Iain Thomson writes:

" Let us return, finally, to the question of 'patricide' Michael
"raises. It could be argued that Heidegger's destruktion of the ontological
"tradition is itself, in the end (e.g. in 1973's Zaringen Seminar), an
"anamnetic attempt to clear away the impediments blocking our recall of the
"philosophical parricide of the ontological progenitor; Heidegger's work
"facilitates a recovery of the "parricide" [patraloian hypolabes] of "father
"Parmenides" [patros Parmenidou], as the "Xenos from Elea" in Plato's
"Sophist puts it [241d]? (I'd say that this recovery of the parricide is
"less a reinarnation than the reconnection of a broken lineage, the
"reassertion of a certain succession, perhaps of the 'right' to interpret
"the meaning(s) of the event.) And, appropriately, isn't Oedipus somehow
"present here, at the moment when Plato stages the primal scene of the
"ontological parricide (in this text from which Heidegger launches B&T)?
""Yes, it is plain even to *a blind man,* as they say" [241d].



...or Tiresius, Homer, etc. I completely agree. And haven't
you just made the case for pricking down the Heideggerian text
for Reactionary/Fascist? as Marcuse, Habermas, Lowith, etc.

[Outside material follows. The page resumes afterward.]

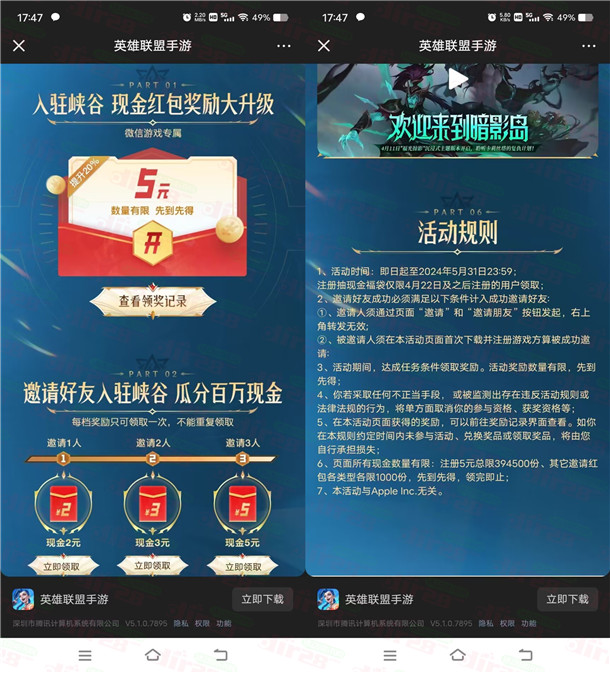 【活动内容】: 参加英雄联盟举办的微信新一期注册领红包活动,通过打开微信进去活动里,首次在微信里下载游戏并且用微信首次注册登录游戏,就可以回到活动里领取到5元微信红包,注册红包限量40万个,需要首次注册的新用户才可以,数量限量。 小编提示:首次在微信下载游戏注册领5元红包,限量40万份,数量限量 【活动 ...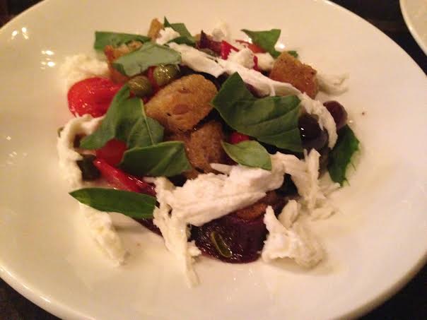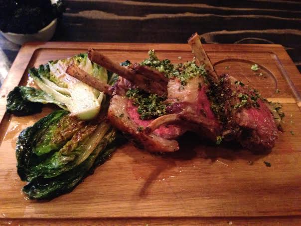 Next up is a sharing dish of Roasted rack of lamb with herb crust and braised baby gem, along with Tuscan Panzanella salad with tomato, roasted red onions, croutons and garlic, and a side of Purple sprouting broccoli with chilli oil and lemon. The lamb is delicious, the herb crust and braised baby gem really add to the dish, the salad is wonderful and the broccoli is good, if a little bit too spicy for me. The food is excellent and the ingredients are a great, unique mix.

The conventional view sees in these plays
Sophocles' reactionism (the same sentiment as wrong-
headedly doomed Socrates) against an age of Apollonians,
whiz-kid types, clever men of business, sophist lawyers,
politicians, nouveaux, etc (read, Wiemer). A tension is set up btw
reason/modernity (the "Many are the wonders" speech in Antigone)
and the old time religion, the piety of "dancing the
sacred dances,...returning to the earth's navel stone"
and such; btw Oedipus-Tiresius, Creon-Antigone; to
overcome the curse on the house of Laius (Athens/Germany).
A vortex of violence, an holocaust, obliterates the self-confident,
sunlit, but unclean, Olympian man; and restores the pre-eminence of the
primitive gods, a piety of taboos, superstitutions, rituals, etc.
of the Colonus. So a pretty good fit allegorically as well, no?